Monsieur le ministre, je ne regrette pas d'être restée un jeudi matin à l'Assemblée nationale pour entendre les bonnes nouvelles que vous nous annoncez. J'allais partir un peu triste et désabusée, peut-être un peu pessimiste. En fait, mon voyage de retour sera placé sous le signe de l'optimisme : notre commission va regarder la situation sous un nouvel éclairage. Trêve de plaisanterie. Il va falloir faire vivre ces indicateurs dans la population, selon Monique Rabin. Devons-nous expliquer à nos concitoyens que les indicateurs et les paramètres évoluent en fonction des crises ? J'ai un peu l'impression qu'il s'agit de changer les règles du jeu en cours de match afin d'obtenir le score voulu. Voilà ce que je ressens à ce stade de nos débats et je vais illustrer mon propos en revenant sur le taux d'emploi et le taux d'endettement.
Pour notre pays, il paraît plus flatteur de retenir le taux d'emploi que le taux de chômage, et de le comparer avec le taux d'emploi moyen de la zone euro : le taux d'emploi est de 64,3 % en France contre 63,9 % dans la zone euro. Pour ma part, j'aurais aimé avoir d'autres références que les pays où le taux de chômage est encore plus élevé que chez nous. Retenez le taux d'emploi de pays comme l'Allemagne ou la Grande-Bretagne, par exemple, parce qu'il est important de se situer. À la rubrique « Quelle est l'action du Gouvernement au regard de cet indicateur ? », on trouve une liste relativement importante. Vous citez notamment la future réforme sur la place du dialogue social dans l'élaboration du droit du travail, qui peut contribuer à améliorer le taux d'emploi en France. Vous citez aussi la prime d'activité, qui sera créée l'année prochaine et dont nous ne connaissons pas encore toutes les modalités. Vous insistez surtout sur les 250 000 emplois d'avenir créés à ce jour, et dont le nombre devrait atteindre 320 000 à la fin de 2016. Certes ce sont des emplois, mais ils sont précaires. Il suffit pour s'en convaincre de rencontrer les jeunes qui les occupent.
Venons-en au taux d'endettement. Lors du Congrès réuni à Versailles, quand nous avons entendu le Président de la République nous dire que le pacte de sécurité l'emportait sur le pacte de stabilité, nous avons bien compris que la France ne respecterait pas les objectifs assignés en matière d'endettement.

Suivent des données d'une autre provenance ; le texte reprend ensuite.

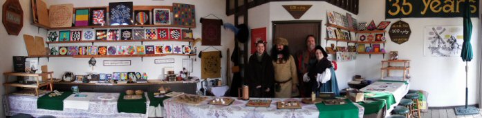 Hundreds of visitors came and played and heard the story of Martin and math and puzzles. Customers also received souvenir copies of the award-winning 40-page Renaissance catalog Kate had designed and written in Shakespearean verse to suit the Renaissance theme. They also received a special gift, a nicely illustrated fact sheet about Martin and our puzzles, highlighting some of our historical games. Copies of the time travel story were also made available. A statement on its cover declared, "All persons mentioned herein are real people. Only the circumstances of their appearance are imaginary and coincidental." As we like to say as often as possible, Ye Olde Gamery represents the intellectual side of the Renaissance an oasis of thinking, logic, math, geometric tilings, the fun of discovery and solving of beautiful challenges. All day long, large crowds of visitors engaged in eager play, instructed by the Gamery's well-costumed expert crew. Although Kate was in Europe that weekend, the crew performed superbly and the show went on wonderfully. Here is some coverage of 2021's Celebrations on the Celebration of Mind organization's website. Here are some snapshots of the action inside the Gamery, staffed by our expert crew, some of whom have been involved for over 20 years. We thank them fervently for long participation and friendships. On hand this weekend were Elijah Allen, Thomas Atkinson, Art Blumberg, Krystal Goodrich, Eileen Shaivitz, and Katrina and Hans Weidig. Many visitors were also in costume. (Hover over images for descriptions.)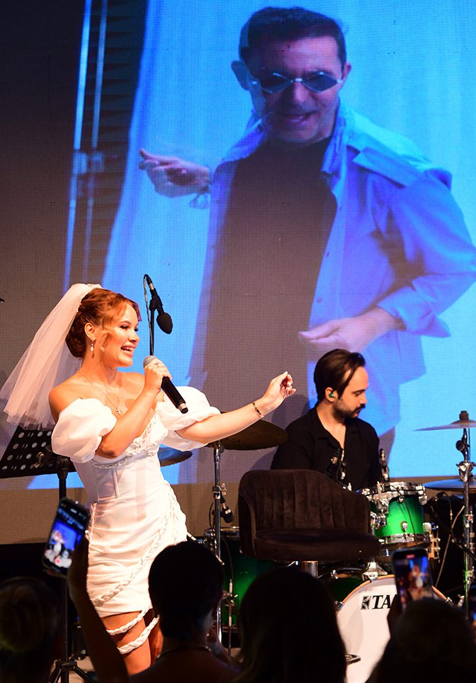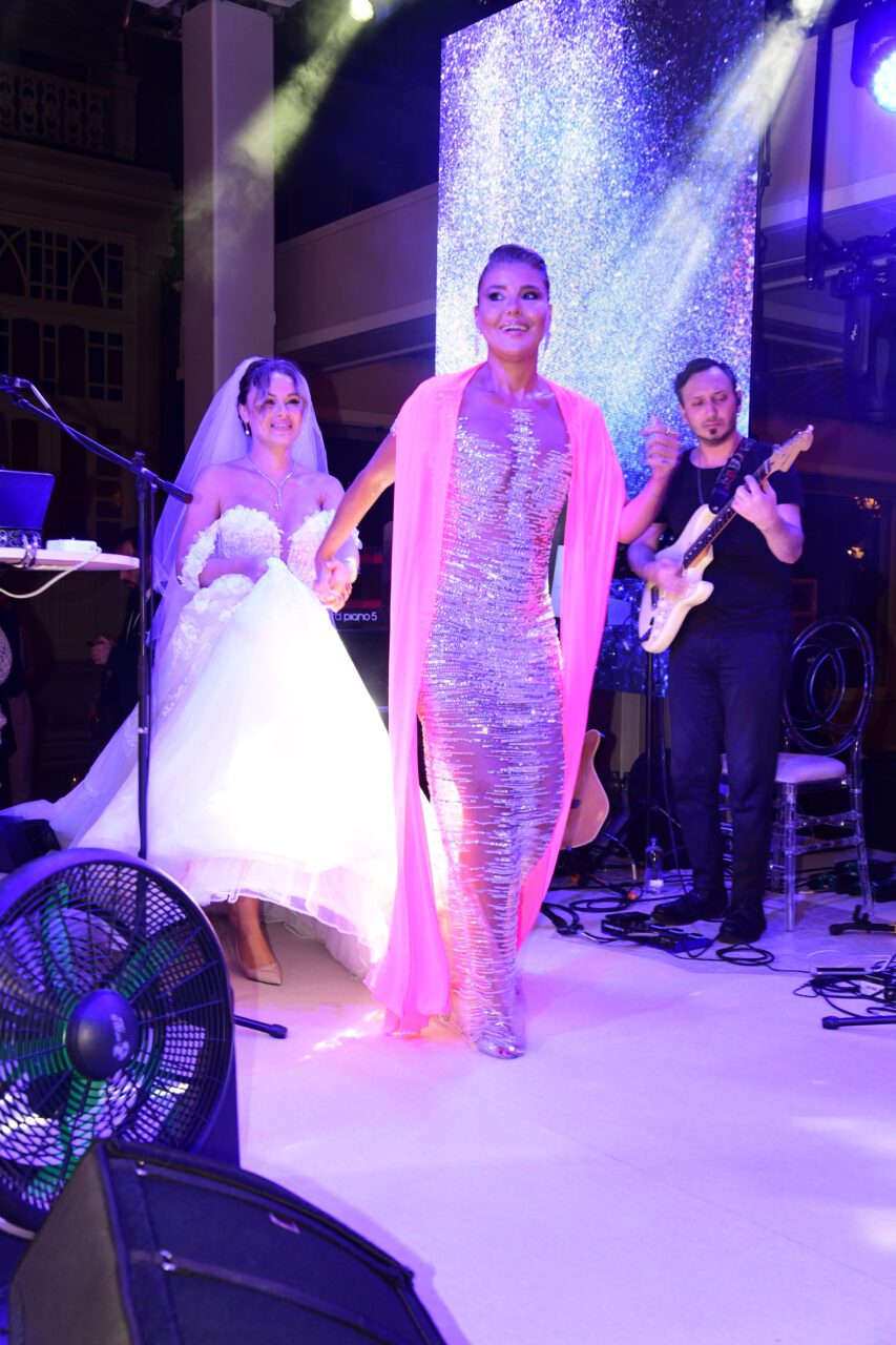 Gecenin sanatçısı olan Gülben Ergen sahneye gelin Olga Napoli ile el ele tutuşarak birlikte çıktılar. Çalan oyun havası eşliğinde sahnede karşılıklı oynayan ikili renkli görüntüler verdiler. Gülben Ergen bugüne kadar çok düğün töreninde ve konserlerde sahneye çıktığı çıktığını belirterek “Bugüne kadar sahneme hiç gelin çıkmamıştı. İlk kez sahnemde gelin var” dedi. Şarkıları ile davetlileri coşturan Gülben Ergen, güzel sesi ile dikkat çeken Olga Napoli’yi sahneye çıkararak şarkı söylettirdi. Mustafa Sandal ile düet yaptıkları “Sana ihtiyacım var” adlı şarkıyı klibi eşliğinde seslendiren Olga Napoli’ye Gülben Ergen’de eşlik etti ve “Mustafa Sandal ile çok güzel bir düet çalışması yapmışsınız. Mustafa Sandal burada yoksa ben varım” dedi. Mustafa Sandal’da işi nedeniyle Bursa’da olduğu için düğüne video mesajı göndererek çifte mutluluklar diledi. Gülben Ergen gelin Olga Napoli’nin yanı sıra damat Ahmet Çiğdem, damadın kız kardeşi Gülten Pehlivan ve Pars Medya’nın ortağı olan Kurban Akar’ı da çıkartarak hep birlikte şarkı söylediler…

Pourtant, s'agissant de l'action du Gouvernement au regard de l'indicateur d'endettement, vous rappelez qu'il est « impérieux d'endiguer la dynamique de la dette publique ». C'est parfait mais je n'en mesure pas les effets à ce jour. De manière récurrente, de projet de loi de finances en projet de loi de finances rectificative, vous rappelez cet objectif. Dès lundi, vous nous répéterez probablement dans l'hémicycle que vous avez une maîtrise accrue des dépenses. Or, au vu du projet de loi de finances rectificative pour 2015, seules les dépenses des collectivités territoriales régressent réellement en volume et en valeur, le reflux ne concernant absolument pas les dépenses de l'État. À un moment donné, il faudra faire preuve d'un peu de sérieux. Il ne nous suffit pas de vous entendre répéter que tout va bien et que vous veillez sur tout pour être convaincus que notre pays va sortir des difficultés dans lesquelles vous l'avez plongé.